### The task
With the pictures removed, write out the data below exactly.

### Data block
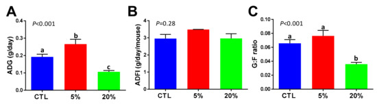 Influences of Scenedesmus feeding on growth performance. The body weight gain and feed intake of three groups of mice, control (CTL), 5% Scenedesmus, and 20% Scenedesmus, were monitored during a 28-day feeding period. (A) Average daily gain (ADG). (B) Average daily food intake (ADFI). (C) Gain to feed ratio (G:F). P-values indicate overall significances across all sample groups from the one-way ANOVA test. Means with different letter labels (a,b,c) indicate significant differences (P < 0.05) between two dietary treatments by the Tukey post hoc test.
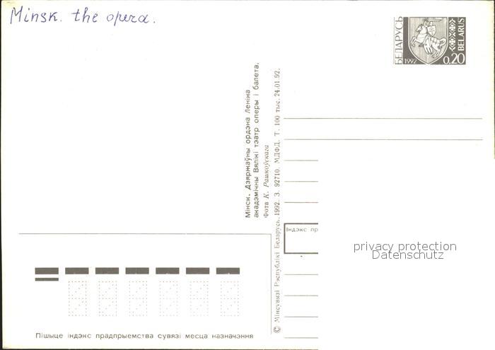 Minsk Weissrussland Oper postalisch nicht gelaufen Erhaltung siehe scans
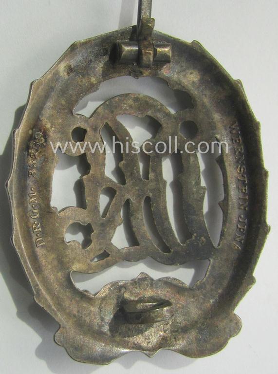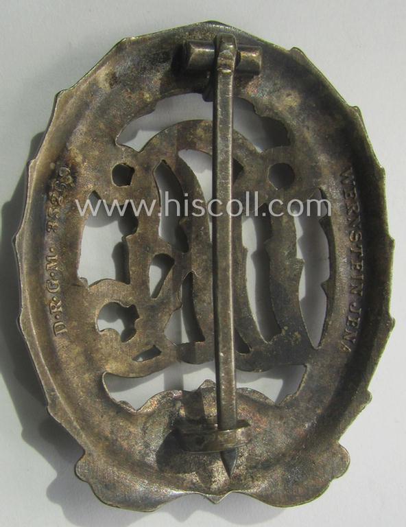 'Reichssportabzeichen DRL in Silber' (or: DRL sports'-badge in silver) being a just moderately worn- ie. used example that is nicely maker- (ie. 'Wernstein - Jena'-) marked on its back

### Solution to the exercise
 Influences of Scenedesmus feeding on growth performance. The body weight gain and feed intake of three groups of mice, control (CTL), 5% Scenedesmus, and 20% Scenedesmus, were monitored during a 28-day feeding period. (A) Average daily gain (ADG). (B) Average daily food intake (ADFI). (C) Gain to feed ratio (G:F). P-values indicate overall significances across all sample groups from the one-way ANOVA test. Means with different letter labels (a,b,c) indicate significant differences (P < 0.05) between two dietary treatments by the Tukey post hoc test.
 Minsk Weissrussland Oper postalisch nicht gelaufen Erhaltung siehe scans
 'Reichssportabzeichen DRL in Silber' (or: DRL sports'-badge in silver) being a just moderately worn- ie. used example that is nicely maker- (ie. 'Wernstein - Jena'-) marked on its back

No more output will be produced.